L’architetto esornativo pone questioni dirimenti ad Apollodoro da Damasco, la prima delle quali è relativa al rapporto tra l’architettura e il corpo. E mentre leggo queste pagine mi torna alla mente una conversazione che Le Corbusier ebbe con i suoi studenti nel 1943. L’architetto più influente del XX secolo che ha introdotto nella prassi operativa funzionalità, razionalità e, soprattutto, ha posto l’uomo al centro del progetto di architettura, sostiene che «l’architettura si cammina», la si attraversa e attraversandola la si misura.
«L’architettura si cammina […] non è affatto […] quell’illusione tutta grafica organizzata intorno a un punto centrale astratto che pretenderebbe essere l’uomo, un uomo chimerico, munito di un occhio di mosca e la cui visione sarebbe simultaneamente circolare. Quest’uomo non esiste […] Il nostro uomo è, al contrario, munito di due occhi posti davanti a lui, a metri 1,60 al di sopra del suolo e che guarda in avanti […] Alla prova le architetture si classificano in morte e vive, a seconda che la regola del camminare non sia stata osservata, o al contrario, sia stata sfruttata brillantemente».
Al tema del corpo Federico Bilò dedica un intero capitolo, questione centrale senza la quale non esiste l’architettura, ma solo edilizia. E subito dopo si occupa dello spazio. Qui l’architetto esornativo, proprio in apertura del capitolo intitolato Antropologia dello spazio, evoca la lezione di David Foster Wallace, richiamando la nostra incapacità di analizzare un «dato talmente primario» come lo spazio.
E ancora il ruolo decisivo della luce nel modellare e prim’ancora pensare lo spazio.
Il dialogo prosegue serrato: ogni passaggio segna un ulteriore approfondimento, e dal loro parlare prendono forma altre architetture. E dunque corpo, spazio e luce conducono direttamente ad un manufatto determinante nella definizione urbana e sociale della città romana: le terme.
Edifici fortunati, capaci di interpretare e assecondare la vita pubblica, rendendo più coesa la società romana – una fortuna che ha attraversato i secoli.
Il corpo, la luce, lo spazio, il ruolo sociale dell’architettura, non potevano non portare a dialogare sulla centralità degli studi antropologici per «riscattare la disciplina (dell’architettura, n.d.r.) dalla condizione di marginalità nella quale risulta confinata», a dire dell’architetto esornativo.
E mentre leggo di antropologia, di nuovo, mi tornano alla mente le parole di un grande antropologo (e sociologo, etnologo e teorico dello strutturalismo), Claude Lévi-Strauss, che ci ha consegnato la più bella definizione di città che io conosca.
«Non è in senso metaforico che si ha il diritto di confrontare una città a una sinfonia o a un poema; sono infatti oggetti della stessa natura.
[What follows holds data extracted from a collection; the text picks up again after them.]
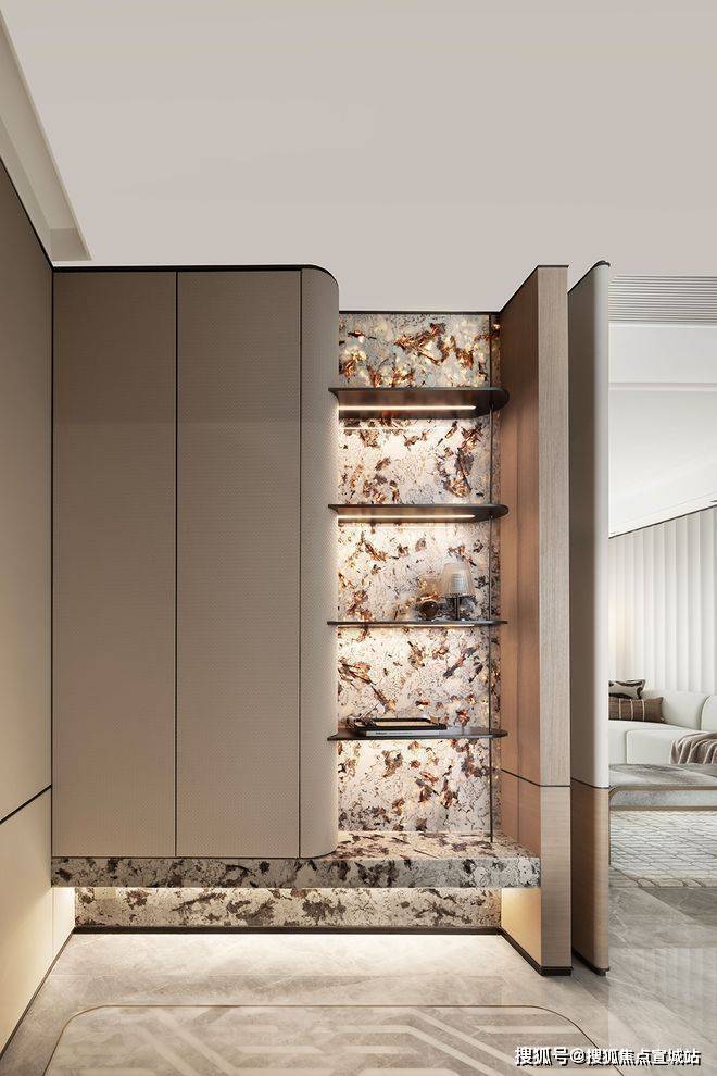 波光水影,往来豁然。玄关在方圆之间,提点生活的包容之态。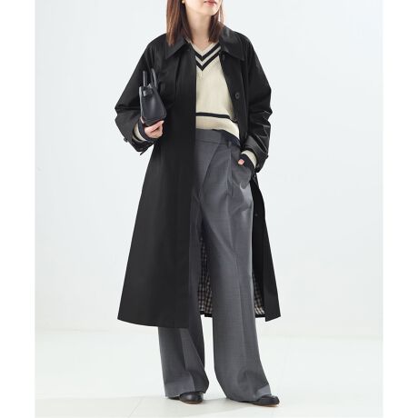 シンプルなステンカラーコートに、ガンフラップをプラス。また、釦はあえてメンズ仕様にすることで、オーセンティックな雰囲気に引き締めたのもL'ESSAGEらしくこだわったポイントです。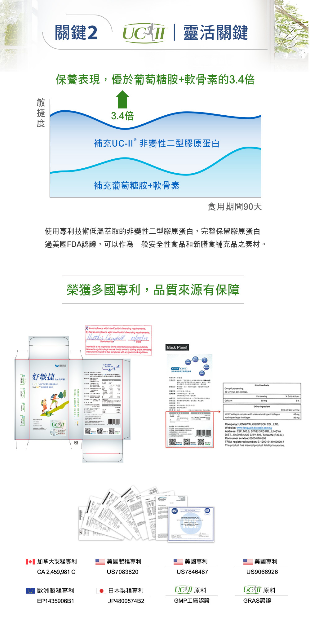 ▶專利UC-II非變性二型膠原蛋白,敏捷UP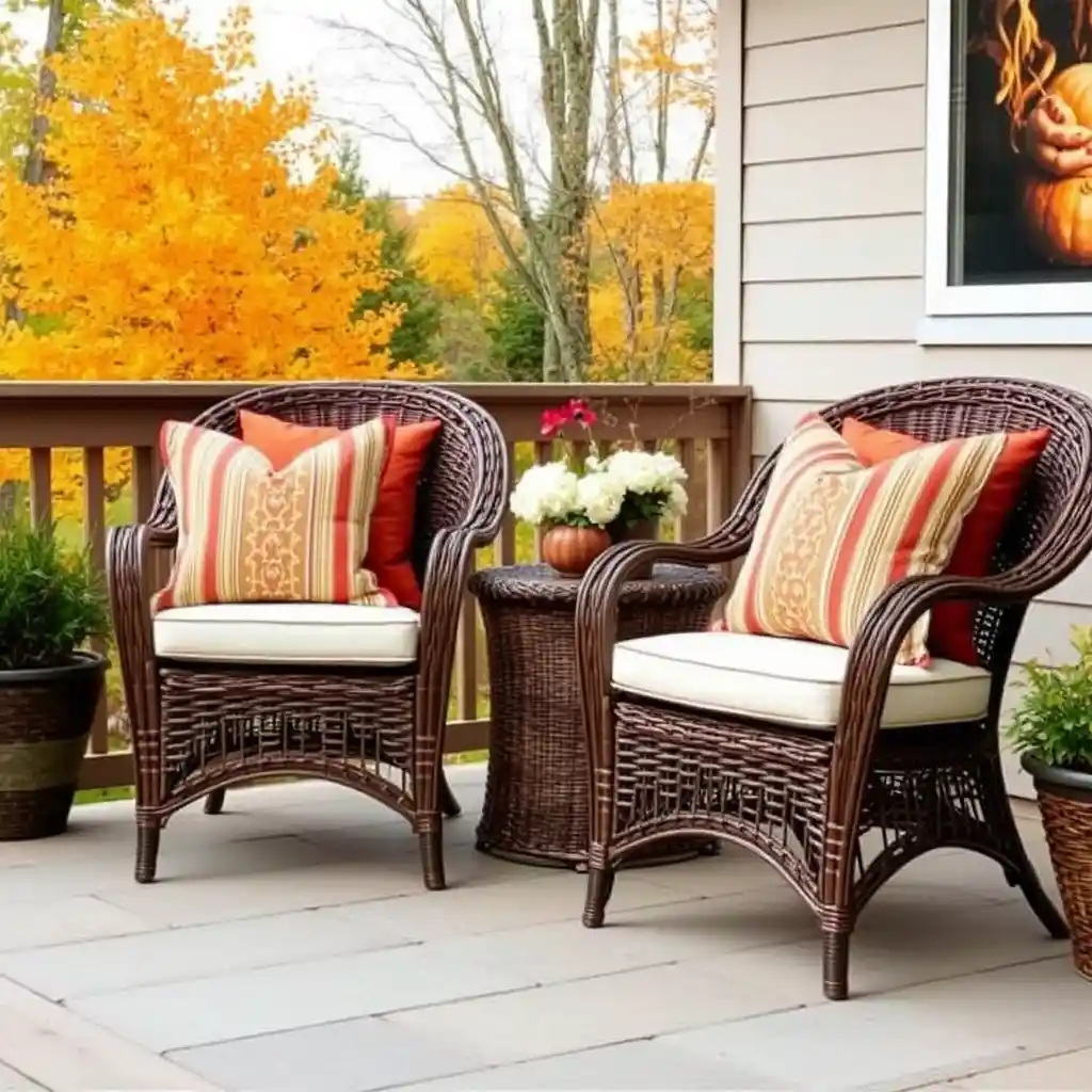 Switch your summer cushions for burnt orange, deep red, or mustard yellow pillows. Wicker chairs bring a casual, natural feel that blends well with fall’s earthy tones.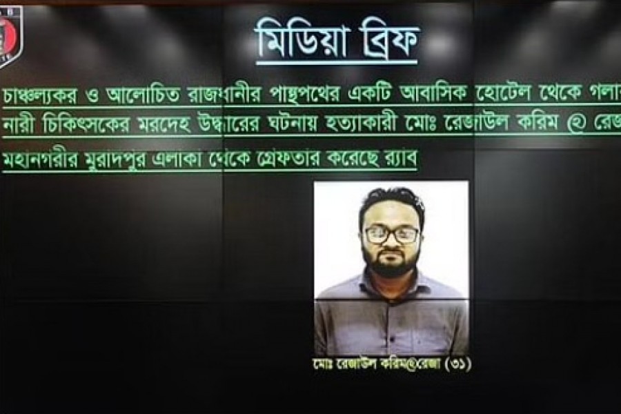 The Rapid Action Battalion has arrested a man on charges of killing a doctor inside a hotel room in Dhaka’s Panthapath.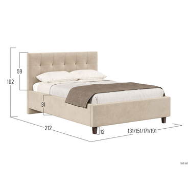 Двуспальная кровать todzal Рони Кремовый, велюр 160х200 см ,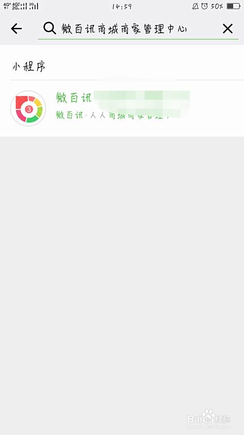 输入你想要关注的小程序名称,如图所示。(有些搜不到结果说明还没有相关小程序),我们可以点击搜索列表的一个小程序进去。
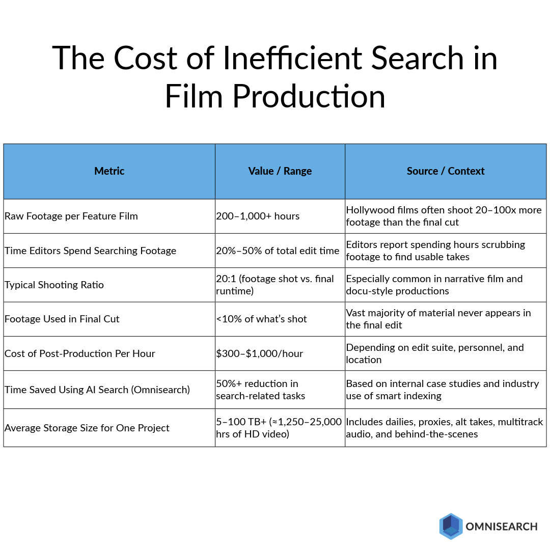 That’s where most teams start losing time. Editors waste hours trying to track down a specific version of a scene. Assistants are stuck digging through external drives or asking around about a forgotten filename. Omnisearch removes that dependency completely.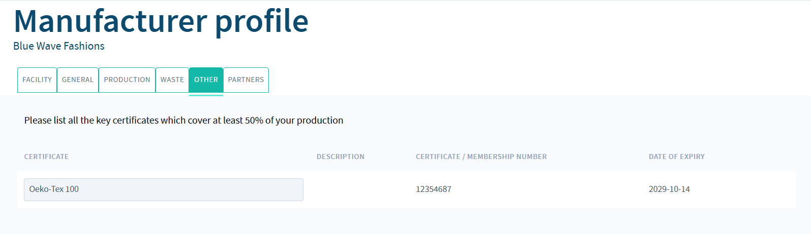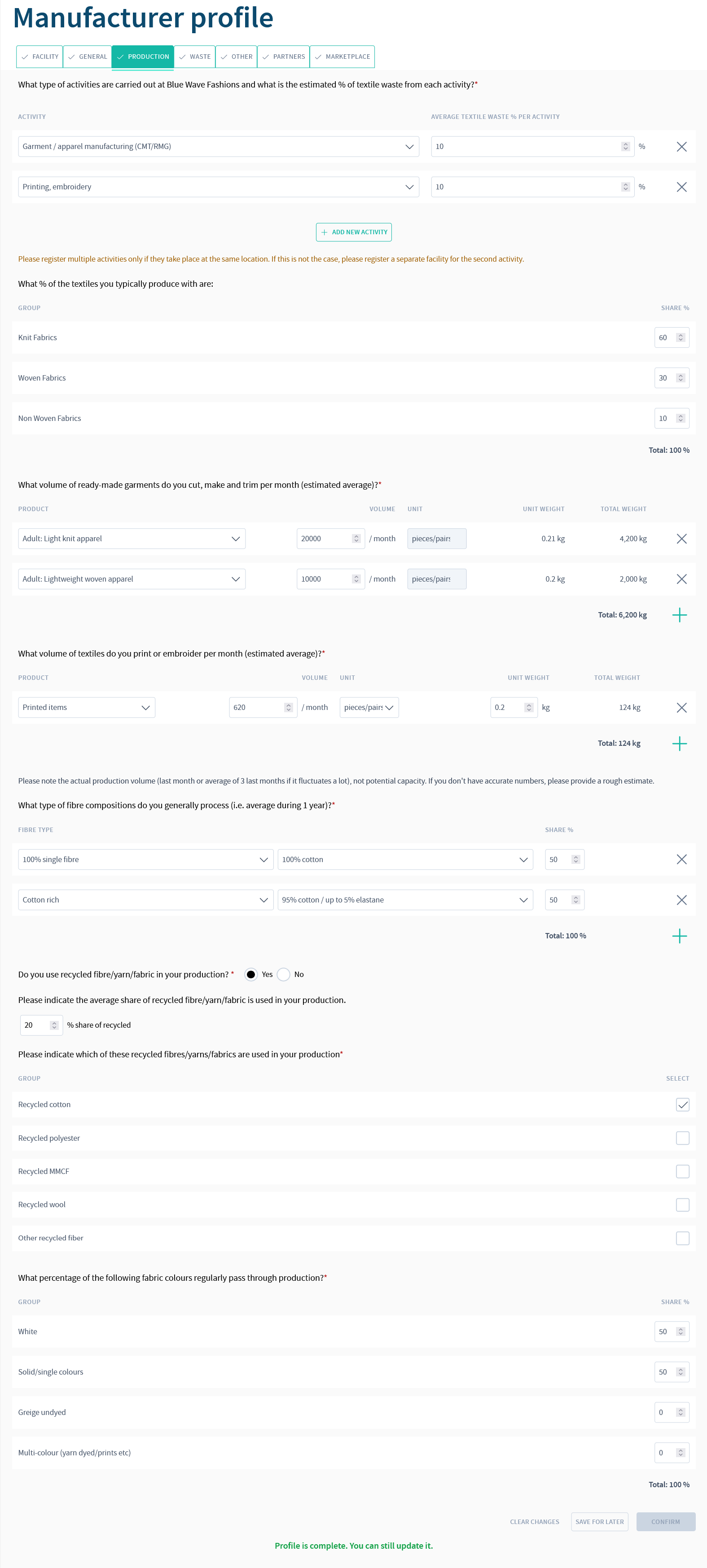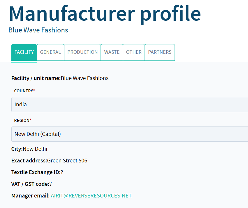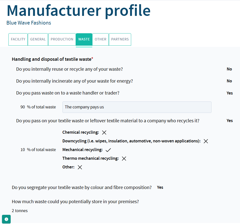 We understand that answering this may feel sensitive, especially if you are bound by confidentiality agreements or consider this business-critical information. To reassure you: the information you enter here is only visible to users within your own facility and to Reverse Resources administrators. It is not visible to other manufacturers, brands, handlers, or recyclers on the platform.

Più preziosa ancora, forse, la città si pone alla confluenza della natura con l’artificio […] la città, per la sua genesi e per la sua forma, risulta contemporaneamente dalla processione biologica, dall’evoluzione organica e dalla creazione estetica. Essa è, nello stesso tempo, oggetto di natura e soggetto di cultura; individuo e gruppo; vissuta e sognata; cosa umana per eccellenza».
In una delle storie più belle de Le mille e una notte, Aladino dopo essere stato ingannato, trova una lampada e un genio che esaudisce ogni suo desiderio. A questo punto del dialogo l’architetto esornativo, molto più prudentemente, chiede ad Apollodoro da Damasco che vengano esauditi tre suoi desideri.
Su questo punto non vi dico nulla, ma vi esorto a leggere il libro: scoprirete quali sono i desideri, e, soprattutto, se sono stati esauditi.